The Problem With Rainbow-Tinted Facebook Profile Pictures

Posted on the 20 July 2015 by Juliez

The rainbow-tinted filter.

In the wake of the historic Supreme Court decision to universally legalize same-sex marriage, 26 million Facebook users demonstrated their support by superimposing a rainbow-tinted flag over their profile pictures.

On the one hand, this seemed like an inspiring indication of progress: It quickly, easily, and publicly allowed people to show their support for the SCOTUS decision as well as LGBTQ+ rights more broadly. It functioned both as a symbol of celebration and declaration of one’s stance on an important social issue. A profile picture isn’t a vote, a petition, or even an impassioned status, but it is a way for people who might not otherwise do anything to subtly state their opinion. Changing one’s picture could also inspire others to start a conversation, change their own photo or speak out.

But there’s a downside to this phenomenon, too. It seems we live in an era of commodified “activism.” Acts that were once radical have become frivolous celebrations: Pride parades, for example, have become must-attend parties for hip, straight teens — and an opportunity for great Instagram photos and Snapchat stories — rather than an attempt to create positive visibility for a marginalized community. In this context, rainbow tinted profile pictures seem to be less of a sincere attempt to support the LGBTQ+ community than they are a personal reflection of one’s own identity. “Look at how progressive I am!” they scream.

While it is, of course, the goal of LGBTQ+ activists to generate widespread support for marginalized groups, we have to acknowledge that there is a difference between supporting a group and co-opting their activism for the sake of seeming cool and progressive.
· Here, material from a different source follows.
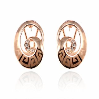 $30.00Spirals of plated 18k Rose Gold create a dizzyingly alluring effect enhanced by a row of perfectly set man-made diamonds. While we typically pair these with an evening gown, we also think they go great with more casual attire! 1.5 x 2.2 cm

In some (privileged) groups, activist and “ally” have become coveted social titles which, at best, make one seem compassionate and hip, and, at worst, function to justify or excuse racist/sexist/homophobic/transphobic/etc behavior. The rainbow picture phenomenon seems to perfectly demonstrate at least the former point: Changing your profile picture to quickly show one’s friends how cool and progressive and trendy you are counter-productively redirects attention towards you and away from the actual issues.

Ultimately, we must resist allyship that centers more on allies than it does the issues and systems of oppression the marginalized groups they supposedly support face. Doing so effectively allows this oppression to continue under the guise of progress.

So what’s the solution? Pair your rainbow filtered profile picture with sharing an article about how people can still be fired for being gay in many states. Be very vocal about your opinions, but then use your position of privilege to amplify and support LGBTQ+ voices. Care because equality is necessary and correct, not because it’s cool.